Still, without nitpicking, it’s a blockbuster stretch at the 3Arena, opening with Steely Dan tomorrow. Steely Dan fans were dealt a blow in September when founding member and constant guitarist Walter Becker died, leaving fellow veteran Donald Fagen as the only original member of the band, on keyboards and vocals.
“I intend to keep the music we created together alive as long as I can with the Steely Dan band,” he said of his friend, which means drafting in another guitar player to fill some very big shoes, as well as their long-running session band with serious chops.

Support tomorrow and Monday comes from the Doobie Brothers — who are in fairness the most bluesy act of the whole series, playing good-time blue-eyed soul and intricate blues-rock that won’t offend anyone.
And if the Doobie Brothers seem a little polished, Daryl Hall and John Oates are positively gleaming — armed with some of the shiniest pop-rock of the 70s and 80s as their biggest hits.
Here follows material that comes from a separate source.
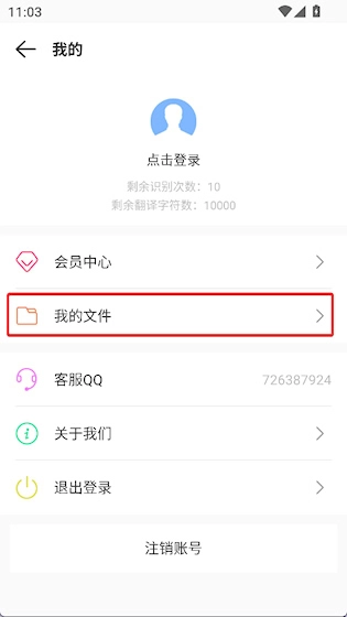 2、点击“我的文件”

As well as the unending John Oates moustache memes and cheeseball airbrushed promo shots from their early days, the pair are behind feathered-hair belters like Maneater, Private Eyes, I Can’t Go For That (No Can Do) and Out of Touch.
You might need an injection of soft-rock karaoke after the smouldering moodiness of Hall and Oates’ support act Chris Isaak. The veteran’s twangy classics like Wicked Game and Blue Hotel would maybe go down better at the seated National Concert Hall rather than an arena full of screaming heads on the bank holiday session — but it’s still a rare chance to catch one of the most singular voices of the 90s.